**Task prompt**
The response should consist of every line below, restated exactly, with no pictures.

**Material provided**
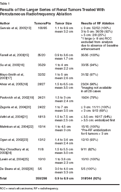 Over 35,000 new cases of renal cell carcinoma (RCC) occurred in the United States in 2004,[1] most of them detected as incidental imaging findings on computed tomography (CT), magnetic resonance (MR), or ultrasound.[2,3] Since most of these tumors are relatively small when detected, the classic clinical triad of flank pain, hematuria, and palpable mass is now rarely encountered. Many of these incidentally discovered RCCs are also slowly growing. Bosniak et al showed that RCCs smaller than or equal to 3.5 cm grow at an average rate of 0 to 1.1 cm/yr (mean 0.36 cm/yr).[4] Most RCCs are surgically removed, and resection of RCC remains the standard of care.[5] Traditional treatment has been open complete nephrectomy, but the search for less invasive procedures as well as for nephronsparing surgery has led to alternative surgical approaches.[6,7] These include partial open and laparoscopic partial or complete nephrectomy. For appropriately selected tumors, nephron- sparing resection has shown outcomes that are equivalent to total nephrectomy.[5-7] Open, partial, and laparoscopic nephrectomies are now available to most patients. For some patients, however, an even less invasive procedure may be indicated. Patients with solitary kidneys or limited renal function, for example, may not tolerate even a partial nephrectomy without requiring postoperative dialysis. For patients with bilateral or multiple RCCs, further partial nephrectomy may tip them to dialysis. Finally, patients with extensive comorbid conditions may face unacceptable risks from surgery and general anesthesia. Imaging surveillance has been advocated for elderly patients with comorbid conditions placing them at high risk for operative complications or complications related to anesthesia, because of the slow growth of these small tumors and the strong likelihood that many of them will never become clinically significant. This course of action may result in unacceptable patient anxiety, however. Percutaneous ablation may provide an alternative treatment option for all these groups of patients. Ablation of RCC left in situ has been performed intraoperatively using cryoablation before percutaneous cryoprobes became available.[8] Cryoablation induces tumor necrosis by freezing tissue. The first needle applicators suitable for percutaneous application were radiofrequency electrodes. Thus, most of the published literature on percutaneous ablation of renal masses is on RF ablation, which induces tumor necrosis via lethal hyperthermia. Now that percutaneous cryoprobes are available, experience with imageguided percutaneous cryoablation will undoubtedly increase. A microwave ablation system with percutaneous applicators, also based on hyperthermia, has become available in the United States, but no published reports of its use in renal tumors left in situ have yet appeared. In 1997, Zlotta et al reported the first percutaneous application of renal RFA, confirming its safety and feasibility under local analgesia.[9] In his initial series, three tumors were subsequently resected, confirming RFA's ability to create extensive local necrosis in in vivo renal tumors.[9] In 1999, McGovern et al reported the first in situ renal tumor treated solely with RFA.[10] In 2000, Gervais et al presented the first series of such patients treated solely with RFA.[11] Nine tumors in eight patients underwent RFA with postablation imaging surveillance to monitor treatment response. Because the tumors were left in situ, assessment of tumor response was performed with imaging. Gervais et al applied a CT or MR interpretive scheme based on extrapolation of radiologic- pathologic correlation work in liver tumor ablations performed by Goldberg et al.[11,12] In this study, necrosis was shown to correlate with lack of enhancement to within 2 mm and tumor enhancement was shown to correlate with viable tumor.[12] This interpretative scheme has since been widely applied by other investigators. Since these early reports, multiple series of renal tumors treated with percutaneous ablation in vivo and left in situ have been published.[13-26] Table 1 summarizes the results of the larger published series of percutaneous RFA of renal tumors. These series reveal that for small renal tumors, RFA results in complete necrosis at imaging in 79% to 100% of cases.[13- 26] Differences in results are related partly to differences in protocol. In one protocol in which early residual disease was treated with repeat percutaneous ablation, for example, 100% complete necrosis at imaging was achieved for all tumors 4 cm or smaller.[ 13] The series with the lowest success rate (79%) used less powerful generators than are now commonly available, perhaps resulting in less complete ablation.[19] Modern systems average over 90% complete necrosis in small tumors. The follow-up period following renal tumor ablation has been short, however, averaging less than 3 years. Although early experience is encouraging, long-term outcomes are necessary to provide meaningful comparison to standard surgical resection.
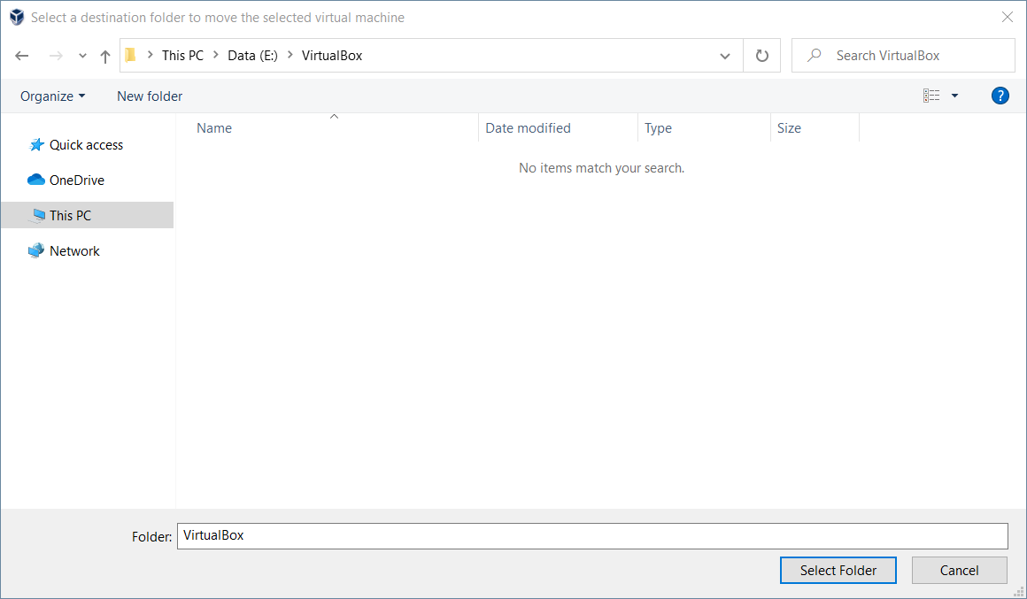 - Select a destination folder to move the selected virtual machine and then click Select Folder. We will move the virtual machine Windows 10 to secondary disk (E:\VirtualBox).
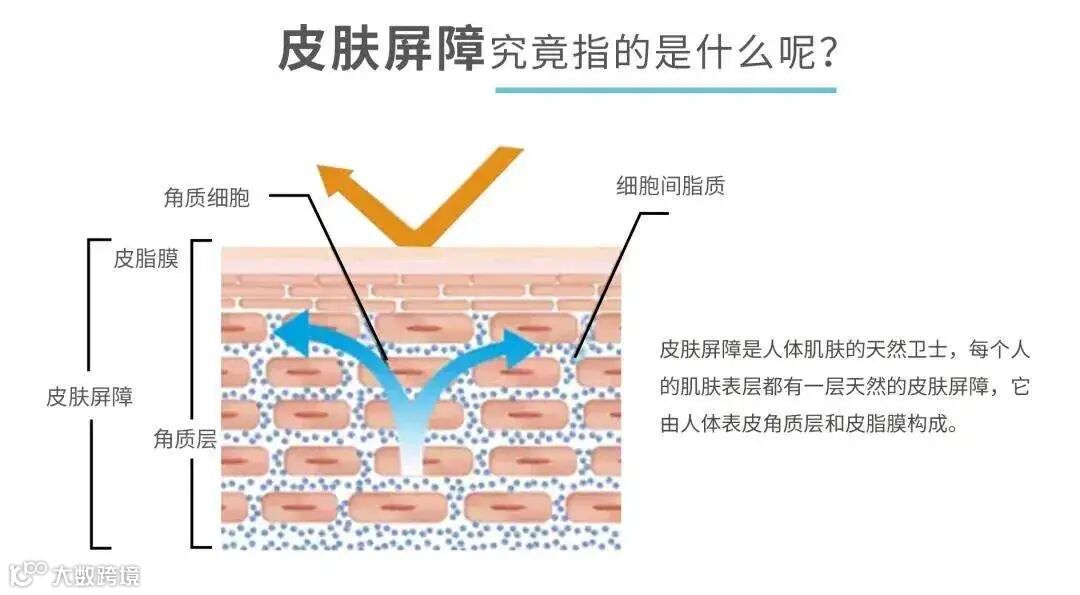 肌肤表面的皮脂膜、角质层、角质层细胞间的脂质(神经酰胺、不饱和脂肪酸、胆固醇)组成
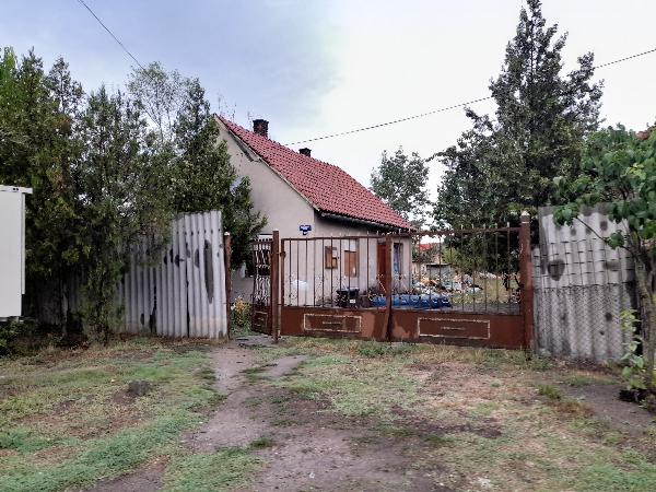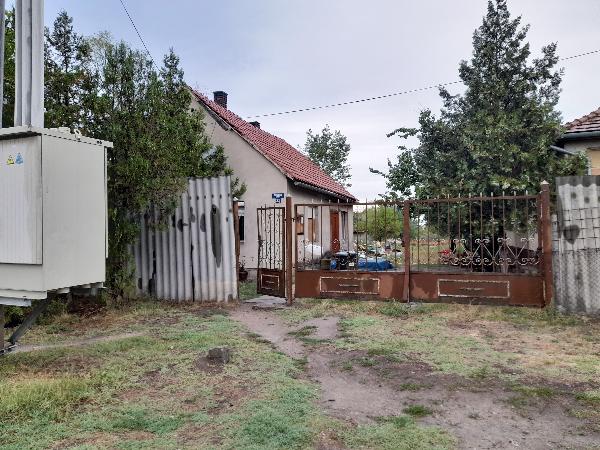 Kivett lakóház, udvar. Területe 934 m2. Kiépített pormentes út mentén megközelíthető, lakóház. Földszintes, készültségi foka 100%, alapozása beton, szigetelése alap, falazata tégla, tetőszerkezete gyenge állapotú cseréptető. Életkora 24 év. Alapterülete 56 m2. Helyiségei: 1 amerikai konyhás nappali, 2 félszoba, 1 fürdőszoba +wc, 1 kamra. Padlóburkolat, járólap, PVC. Fűtése: hagyományos: fa, szén. Közművesítettség: villany, víz kikötve.

**Result for this exercise**
 Over 35,000 new cases of renal cell carcinoma (RCC) occurred in the United States in 2004,[1] most of them detected as incidental imaging findings on computed tomography (CT), magnetic resonance (MR), or ultrasound.[2,3] Since most of these tumors are relatively small when detected, the classic clinical triad of flank pain, hematuria, and palpable mass is now rarely encountered. Many of these incidentally discovered RCCs are also slowly growing. Bosniak et al showed that RCCs smaller than or equal to 3.5 cm grow at an average rate of 0 to 1.1 cm/yr (mean 0.36 cm/yr).[4] Most RCCs are surgically removed, and resection of RCC remains the standard of care.[5] Traditional treatment has been open complete nephrectomy, but the search for less invasive procedures as well as for nephronsparing surgery has led to alternative surgical approaches.[6,7] These include partial open and laparoscopic partial or complete nephrectomy. For appropriately selected tumors, nephron- sparing resection has shown outcomes that are equivalent to total nephrectomy.[5-7] Open, partial, and laparoscopic nephrectomies are now available to most patients. For some patients, however, an even less invasive procedure may be indicated. Patients with solitary kidneys or limited renal function, for example, may not tolerate even a partial nephrectomy without requiring postoperative dialysis. For patients with bilateral or multiple RCCs, further partial nephrectomy may tip them to dialysis. Finally, patients with extensive comorbid conditions may face unacceptable risks from surgery and general anesthesia. Imaging surveillance has been advocated for elderly patients with comorbid conditions placing them at high risk for operative complications or complications related to anesthesia, because of the slow growth of these small tumors and the strong likelihood that many of them will never become clinically significant. This course of action may result in unacceptable patient anxiety, however. Percutaneous ablation may provide an alternative treatment option for all these groups of patients. Ablation of RCC left in situ has been performed intraoperatively using cryoablation before percutaneous cryoprobes became available.[8] Cryoablation induces tumor necrosis by freezing tissue. The first needle applicators suitable for percutaneous application were radiofrequency electrodes. Thus, most of the published literature on percutaneous ablation of renal masses is on RF ablation, which induces tumor necrosis via lethal hyperthermia. Now that percutaneous cryoprobes are available, experience with imageguided percutaneous cryoablation will undoubtedly increase. A microwave ablation system with percutaneous applicators, also based on hyperthermia, has become available in the United States, but no published reports of its use in renal tumors left in situ have yet appeared. In 1997, Zlotta et al reported the first percutaneous application of renal RFA, confirming its safety and feasibility under local analgesia.[9] In his initial series, three tumors were subsequently resected, confirming RFA's ability to create extensive local necrosis in in vivo renal tumors.[9] In 1999, McGovern et al reported the first in situ renal tumor treated solely with RFA.[10] In 2000, Gervais et al presented the first series of such patients treated solely with RFA.[11] Nine tumors in eight patients underwent RFA with postablation imaging surveillance to monitor treatment response. Because the tumors were left in situ, assessment of tumor response was performed with imaging. Gervais et al applied a CT or MR interpretive scheme based on extrapolation of radiologic- pathologic correlation work in liver tumor ablations performed by Goldberg et al.[11,12] In this study, necrosis was shown to correlate with lack of enhancement to within 2 mm and tumor enhancement was shown to correlate with viable tumor.[12] This interpretative scheme has since been widely applied by other investigators. Since these early reports, multiple series of renal tumors treated with percutaneous ablation in vivo and left in situ have been published.[13-26] Table 1 summarizes the results of the larger published series of percutaneous RFA of renal tumors. These series reveal that for small renal tumors, RFA results in complete necrosis at imaging in 79% to 100% of cases.[13- 26] Differences in results are related partly to differences in protocol. In one protocol in which early residual disease was treated with repeat percutaneous ablation, for example, 100% complete necrosis at imaging was achieved for all tumors 4 cm or smaller.[ 13] The series with the lowest success rate (79%) used less powerful generators than are now commonly available, perhaps resulting in less complete ablation.[19] Modern systems average over 90% complete necrosis in small tumors. The follow-up period following renal tumor ablation has been short, however, averaging less than 3 years. Although early experience is encouraging, long-term outcomes are necessary to provide meaningful comparison to standard surgical resection.
 - Select a destination folder to move the selected virtual machine and then click Select Folder. We will move the virtual machine Windows 10 to secondary disk (E:\VirtualBox).
 肌肤表面的皮脂膜、角质层、角质层细胞间的脂质(神经酰胺、不饱和脂肪酸、胆固醇)组成
 Kivett lakóház, udvar. Területe 934 m2. Kiépített pormentes út mentén megközelíthető, lakóház. Földszintes, készültségi foka 100%, alapozása beton, szigetelése alap, falazata tégla, tetőszerkezete gyenge állapotú cseréptető. Életkora 24 év. Alapterülete 56 m2. Helyiségei: 1 amerikai konyhás nappali, 2 félszoba, 1 fürdőszoba +wc, 1 kamra. Padlóburkolat, járólap, PVC. Fűtése: hagyományos: fa, szén. Közművesítettség: villany, víz kikötve.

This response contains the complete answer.